→ **What is required**: The lines in the listing below are to be given again exactly, starting at the line holding "Design: Black Leather" and ending at the line holding "La comuna más". Do not include pictures.

BEGIN Task inputs

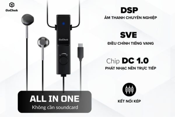 GoChek LivePro G1 đi kèm tai nghe kiểm âm chuyên dụng, hỗ trợ người dùng theo dõi giọng hát trong thời gian thực. Bên cạnh đó, mic còn tích hợp hiệu ứng echo và reverb ngay trên thân, dễ dàng điều chỉnh chỉ với một thao tác đơn giản.
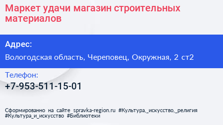 Маркет удачи, магазин строительных материалов по адресу Вологодская область, Череповец, Окружная, 2 ст2 в дальнейшем Организация, размещена в следующих категориях:
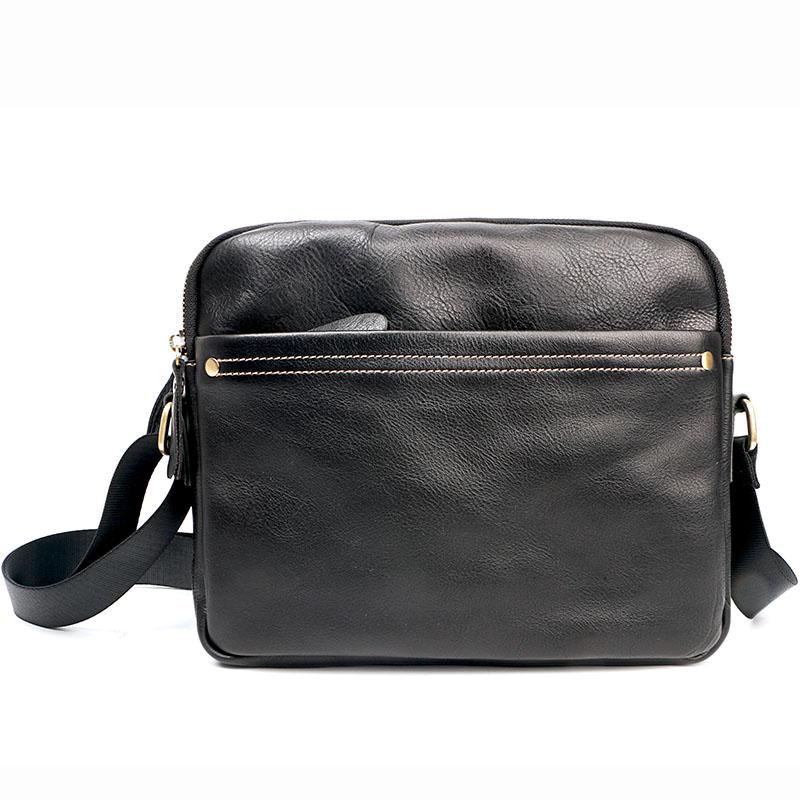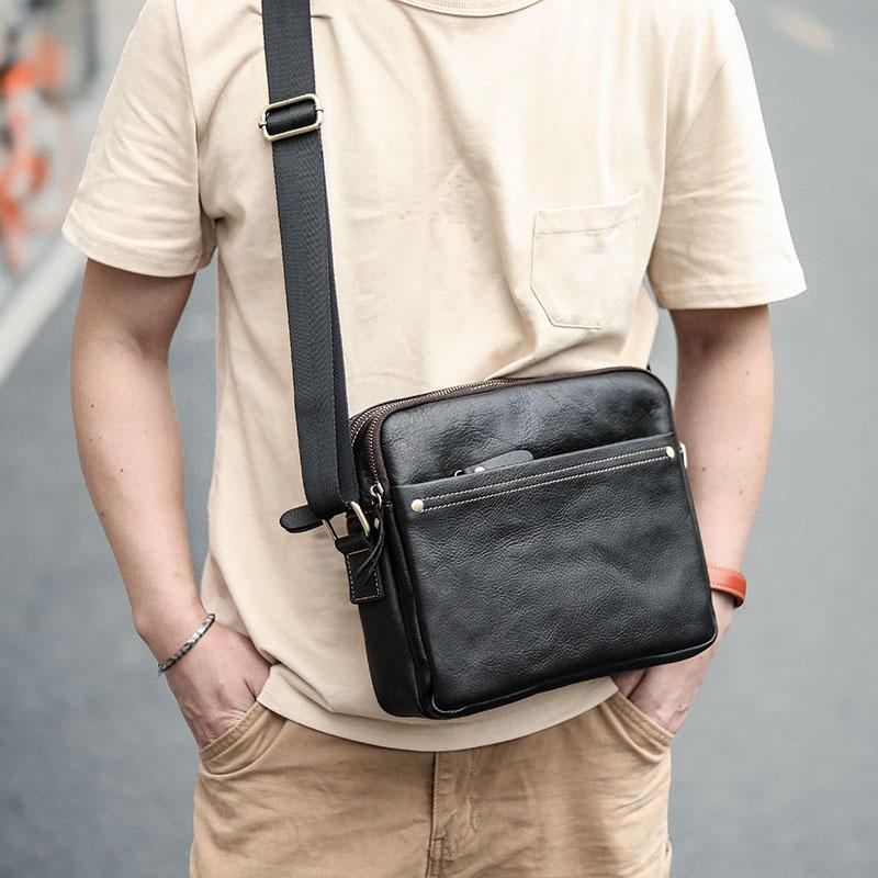 Design: Black Leather Mens 10 inches Crossbody Bag Messenger Bag One Shoulder Bag For Men
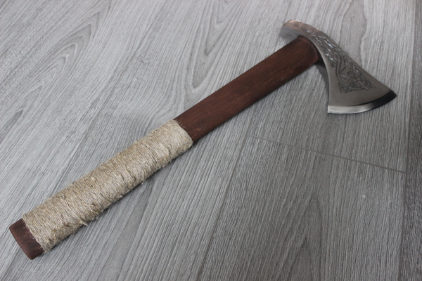 Затем полировка. Топорище покрыл морилкой. Результат мне не понравился. Хотел уже было переделывать, но решил сначала попробовать обмотать льняным жгутом. Стало намного лучше, решил так и оставить. вот собственно, что получилось
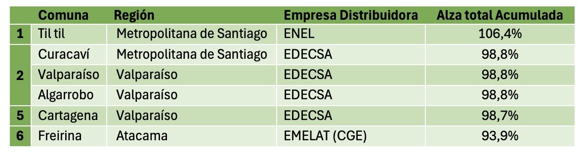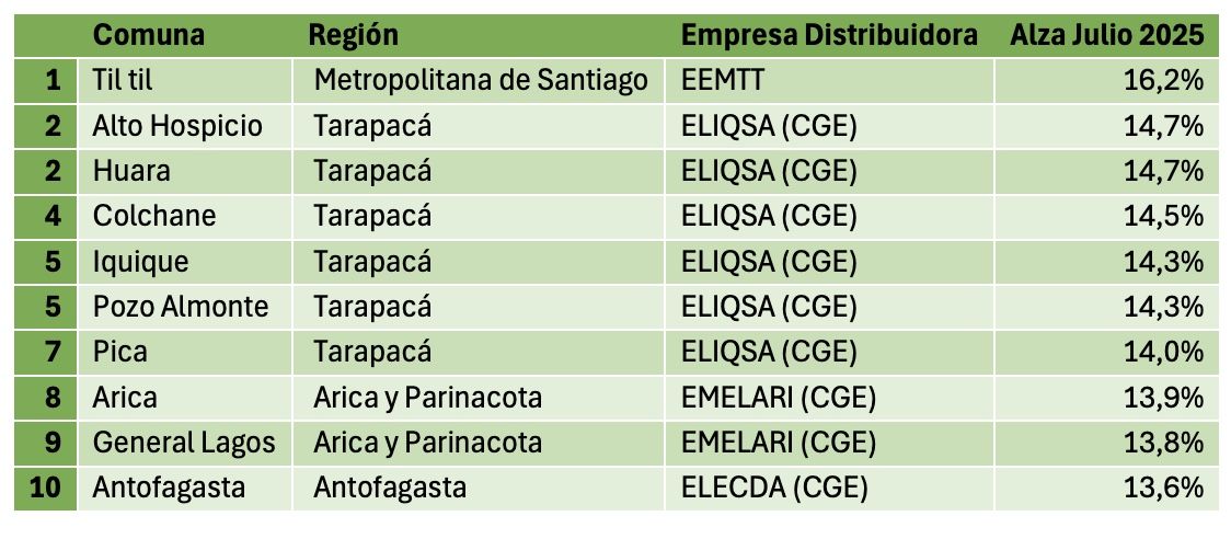 La comuna más afectada es Til Til, donde los hogares abastecidos por la distribuidora EEMTT enfrentan una variación tarifaria del 106,4% desde que comenzaron los aumentos en julio de 2024.
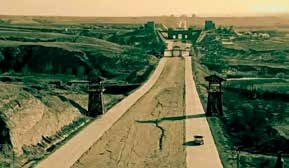 画中几段时隐时现的道路应该就是当年秦始皇所修建的秦驰道。秦始皇统一六国后,为了实现对全国的有效管理,以咸阳为中心,陆续建造了九条驰道(西方道、秦栈道、武关道、东方道、并海道、临晋道、上郡道、北方道和秦直道),形成了全国快速交通网。
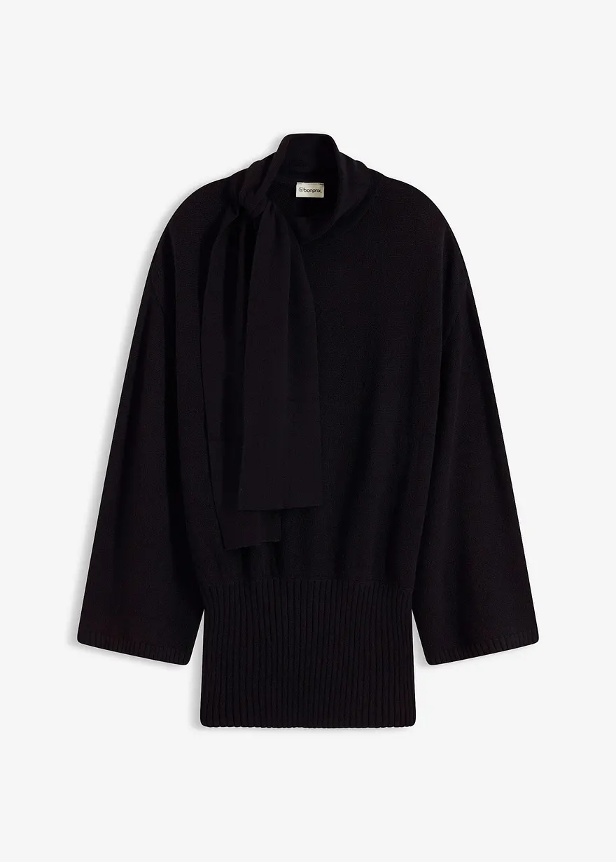 Oversize-Pullover mit breitem Rippbund und Schaldetail am Hals

END Task inputs

→ **Reply**:
 Design: Black Leather Mens 10 inches Crossbody Bag Messenger Bag One Shoulder Bag For Men
 Затем полировка. Топорище покрыл морилкой. Результат мне не понравился. Хотел уже было переделывать, но решил сначала попробовать обмотать льняным жгутом. Стало намного лучше, решил так и оставить. вот собственно, что получилось
 La comuna más afectada es Til Til, donde los hogares abastecidos por la distribuidora EEMTT enfrentan una variación tarifaria del 106,4% desde que comenzaron los aumentos en julio de 2024.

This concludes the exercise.